GreenButton
- Company type: Subsidiary
- Industry: Cloud computing
- Founded: 2006 in Wellington, New Zealand
- Founder: Scott Houston
- Defunct: 2 May 2014
- Fate: Acquired by Microsoft
- Headquarters: Wellington, New Zealand
- Revenue: $1.5 million (2011)
- Parent: Microsoft
- Website: www.greenbutton.com

= GreenButton =

Defunct New Zealand-based software firm

GreenButton was a software company based in Wellington, New Zealand. It was established in 2006 and it helped independent software vendors (ISVs) and enterprises transition to cloud computing. GreenButton operated additional offices in Palo Alto, California, and Seattle. On 2 May 2014, the company was acquired by Microsoft. Following the acquisition, GreenButton's technologies were incorporated into Microsoft's Azure cloud service.

== History ==
GreenButton was founded as InterGrid in 2006 in Wellington, New Zealand, to provide small-scale customers access to job processors. The company helped software vendors use cloud computing, offering a service called GreenButton in July 2010.

In 2011, the company was renamed GreenButton, and joined the Microsoft Partner Network. In 2011, GreenButton was declared as Microsoft Corp's Windows Azure ISV Partner of the Year. In May 2011, GreenButton allied with Microsoft.
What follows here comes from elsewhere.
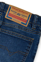 Jeans slim fit en denim azul medio con costuras en contraste.
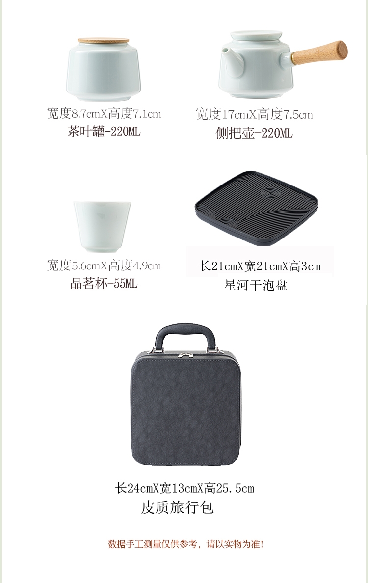 配置:1壶/4杯/1茶叶罐/1茶盘/旅行包

It included an investment reported at more than US$1 million, and adding Mark Canepa to its board of directors.

In December 2011, GreenButton opened two offices in the United States, the US headquarters in Palo Alto, California, and a sales office in Seattle.

GreenButton partnered with the Pixar Animation Studios and Microsoft's cloud computing platform Windows Azure, on a rendering service for RenderMan image-generating software announced in January 2012. The service enhances the RenderMan Interface Specification.

In June 2012, GreenButton announced a partnership with the GNS Science of New Zealand and American based Stillwater Group for cloud computing during seismic processing. In the same year, the company entered into a partnership with Numerix, an American firm that develops software for risk analysis of financial derivatives.

On 2 May 2014, GreenButton announced its acquisition by Microsoft with its technology integrated into Microsoft Azure. After its acquisition GreenButton operates under Microsoft Azure product line as Azure Batch.